[Collection entries]
/---

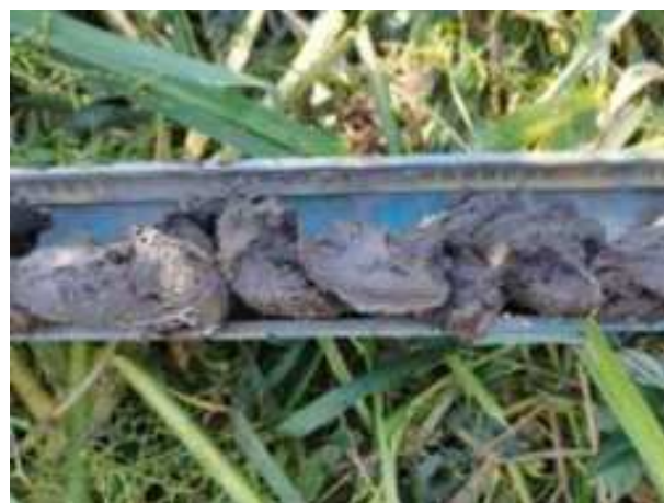
132. ábra: PT30 – 6. részlet
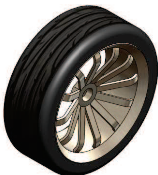
タイヤ&ホイールの モデリング
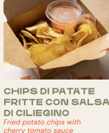
CHIPS DI PATATE FRITTE CON SALSA DI CILIEGINO Fried potato chips with cherry tomato sauce
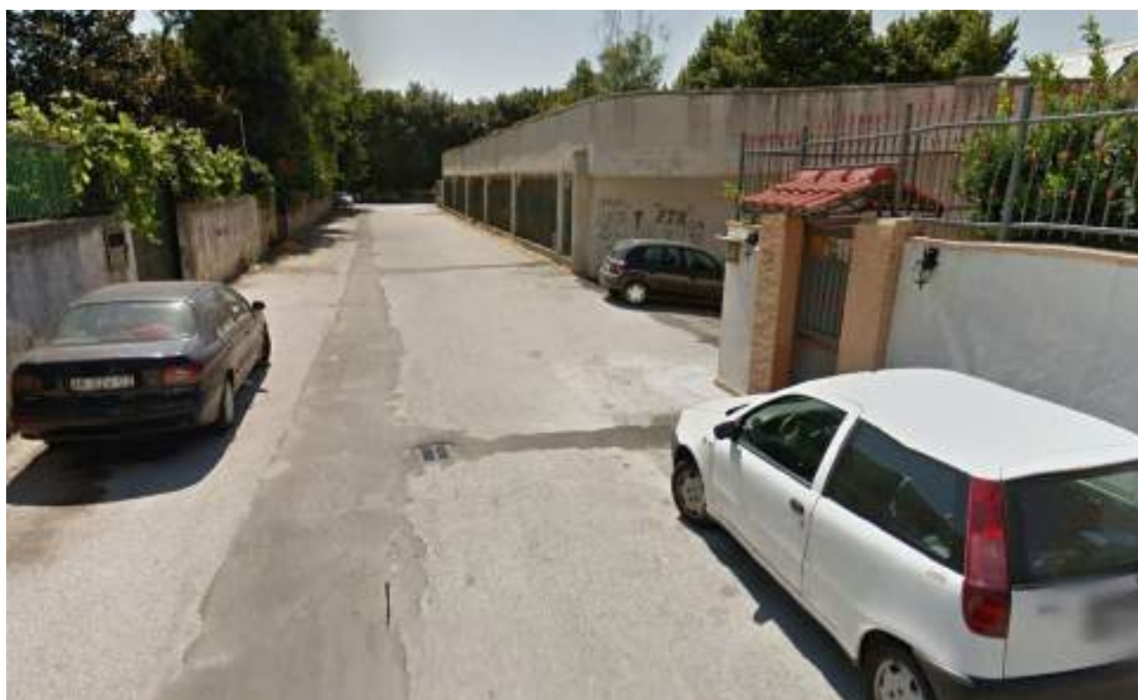
Cono Ottico 12 - Vista primo tratto viabilità est
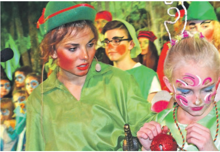
Peter Pan und Tinkerbell mit Glöckchen bei der Aufführung der Vocalinos im Foyer der Sparkasse.
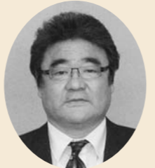
桑原 千知 議員

桑原 八代海に面している市全域の沿岸では、特に梅雨から台風シーズンには、巨大な樹木や雑木、ビニール、ペットボトル等で漂着物による被害が著しい。海の生物にとっても最悪な環境となる。観光の面からみてもマイナスイメージはまぬがれないと思うが。
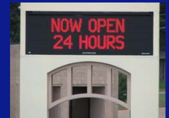
Anuncios de Centro de Mensaje Electrónico (EMC por sus siglas en inglés)

\---

Instructions to follow:
Start with the line holding "タイヤ&ホイールの モデリング" and repeat exactly every line through the final line of the records above, but no pictures and nothing more.

Answer area:
タイヤ&ホイールの モデリング
CHIPS DI PATATE FRITTE CON SALSA DI CILIEGINO Fried potato chips with cherry tomato sauce
Cono Ottico 12 - Vista primo tratto viabilità est
Peter Pan und Tinkerbell mit Glöckchen bei der Aufführung der Vocalinos im Foyer der Sparkasse.
桑原 千知 議員

桑原 八代海に面している市全域の沿岸では、特に梅雨から台風シーズンには、巨大な樹木や雑木、ビニール、ペットボトル等で漂着物による被害が著しい。海の生物にとっても最悪な環境となる。観光の面からみてもマイナスイメージはまぬがれないと思うが。
Anuncios de Centro de Mensaje Electrónico (EMC por sus siglas en inglés)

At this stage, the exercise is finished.